3. 4 июня 2014 года я просил лечащего врача выписать мне по поводу абсцесса антибиотическую мазь и направить к хирургу. Скорей всего, с помощью антибиотической мази удалось бы вылечить абсцесс, но, даже если бы пришлось вскрывать, травма была бы в несколько раз меньшей. Мне снова было отказано в просьбе направить меня на УЗИ. Вторично лечащий врач отказался выписать мне антибиотическую мазь 11 июня 2014 года. Кроме него, тот же отказ я получил от а) 2-х других врачей; б) врачей в Скорой Помощи (которые уверяли, что мазь мне будет выписана, но мазь так и не была выписана); в) врача «1-й» «поликлиники без рандеву». Всего получается, что 9 врачей либо отказали мне в антибиотической мази, либо обещали выписать её, но не выписали. Не слишком ли много получается? И как это объяснить, если не вмешательством спецслужб?

4. В Скорой Помощи, хотя всё «остальное» было сделано правильно, и сопровождалось «невиданным» для меня человечным отношением, НО, накладывая повязку, почему-то, заклеили выход инфекции, и сказали не снимать повязку 2 дня (хотя надо было менять хотя бы 2 раза в день). Кроме того, отпустив домой, не организовали помощь медсестры, не выписали антибиотический крем (который обещали!), не сделали выписку для дерматолога (что тоже обещали). Формально, все позитивные и правильные действия медперсонала произошли до упомянутого телефонного звонка, все негативные после. Тогда что это был за звонок?

5. Тем не менее, существует вероятность, что выход инфекции «заклеился» «сам по себе», что, сложив вдвое изоляцию для раны, «просто» допустили ошибку, и, велев снять перевязку через 2 дня, без вовлечения медсестры, тоже было «просто» ошибкой.

6. Кто-то из технического персонала больницы уносил мой файл (историю болезни) на полтора или два часа.


        Добавим ко всему сказанному, что эпопея абсцесса сопровождалась нападением (когда меня, за квартал от дома, сбили с ног).


        Точно так же и отслоение стекловидного тела в другом (правом) глазу произошло при подозрительных обстоятельствах и сопровождалось задержанием и допросом полиции (машина 15-1).

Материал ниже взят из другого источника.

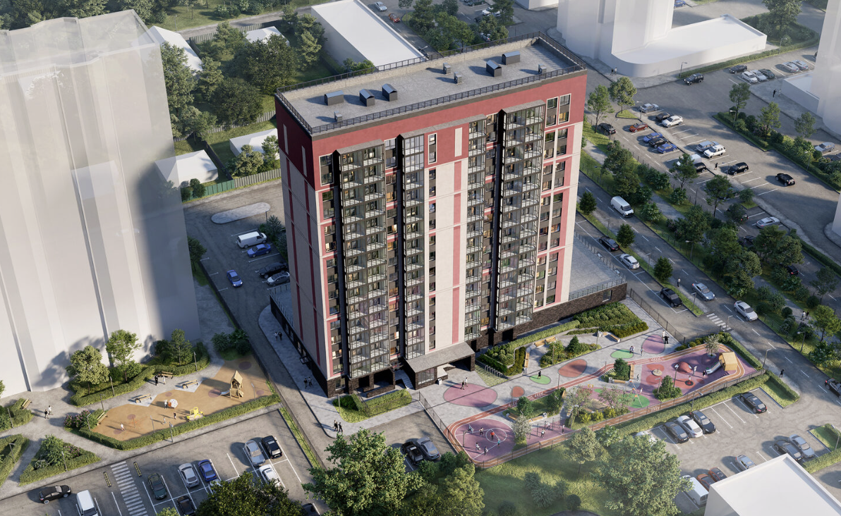 Дополнительным акцентом жилого комплекса стала высотная «свечка» со сложной архитектурой, которая будет выступать «маяком» на фоне всей застройки.

        Точно так же очередная инфекция во рту и в других местах сопровождалась подменой образца анализа и явно диверсионными действиями одного из работников больница (из числа технического персонала).


        Точно так же после того, как мне подстроили перелом 3-го пальца на правой ноге, в Скорой Помощи не сделали абсолютно ничего чтобы точнее установить тип и вид перелома (рапорт рентгенолога был крайне расплывчатым), не показали меня хирургу, и «выкинули» домой. В результате, поломанный палец так и остался деформированным, что видно на рентгеновском снимке, сделанном 30 мая 2014 года.

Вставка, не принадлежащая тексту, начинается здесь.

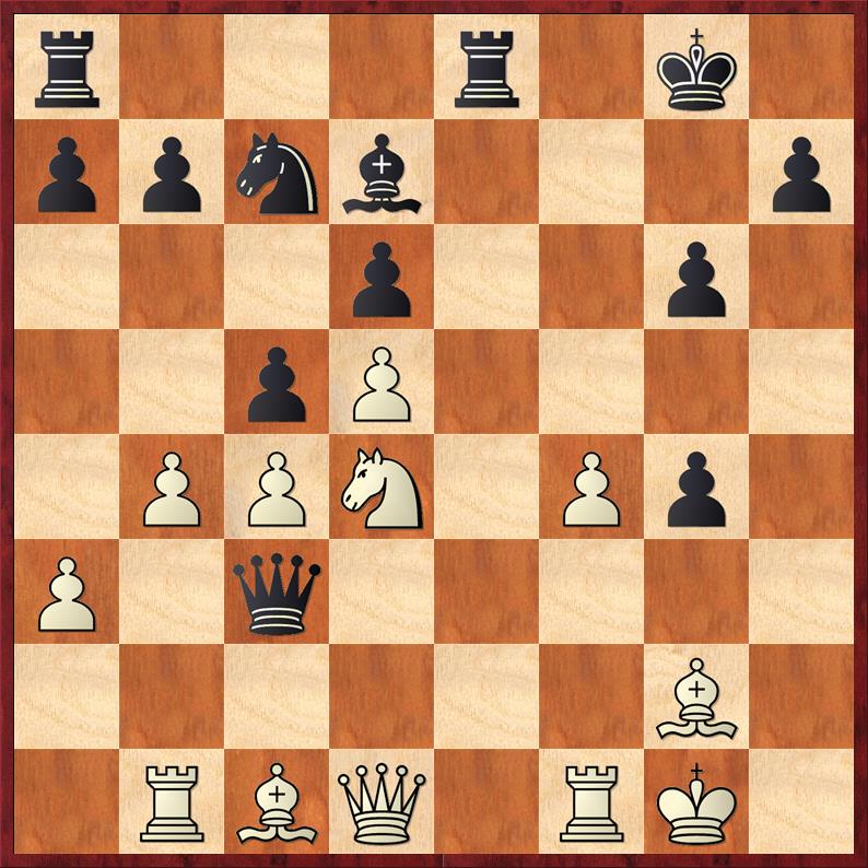 Hier spielte er stark 19. …e5!, was seinen Gegner vor eine höchst unangenehme Wahl stellte – 20.f5 ziehen oder seinen e-Bauern schwach werden lassen!?

        Добавим, что, вероятно, в связи с ремонтом (и потому - отсутствием камер наблюдения и сотрудников охранной фирмы, и контроля полиции и спецслужб), 13 июня 2014 года в Скорой Помощи мне была оказана невероятно правильная и профессиональная медицинская помощь, и было проявлено человечное отношение, что до того никогда не случалось.

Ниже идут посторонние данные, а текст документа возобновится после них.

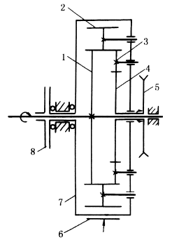 当z3z5>z1z2或z4z5>z2z7时,轴7的转向与轴1相反,这时,只要变换刹车轮即可换向变速,而不需停车。 图(4)为履带式水稻收割机的转向装置。1为主动齿轮,5为从动链轮,6是制动器,7为可转动架体,8为摩擦离合器。当离合器8接通(n1=n7),制动器6松开时,5与1等速同向转动。 |

        Всё то, что делают против моего здоровья, и все те диверсии, направленные на саботаж оказания мне медицинской помощи, надо приравнять к пытке.


        В заключение этого раздела я обращаюсь к Робин Гудам в спецслужбах и силовых органах Канады и за её пределами: помогите, вступитесь, отомстите за меня. Или хотя бы помогите выяснить, кто за всем этим стоит: какая страна или организация, какие спецслужбы или группы подонков?


        Помогите!


         Монреаль, 19 июня 2014 года.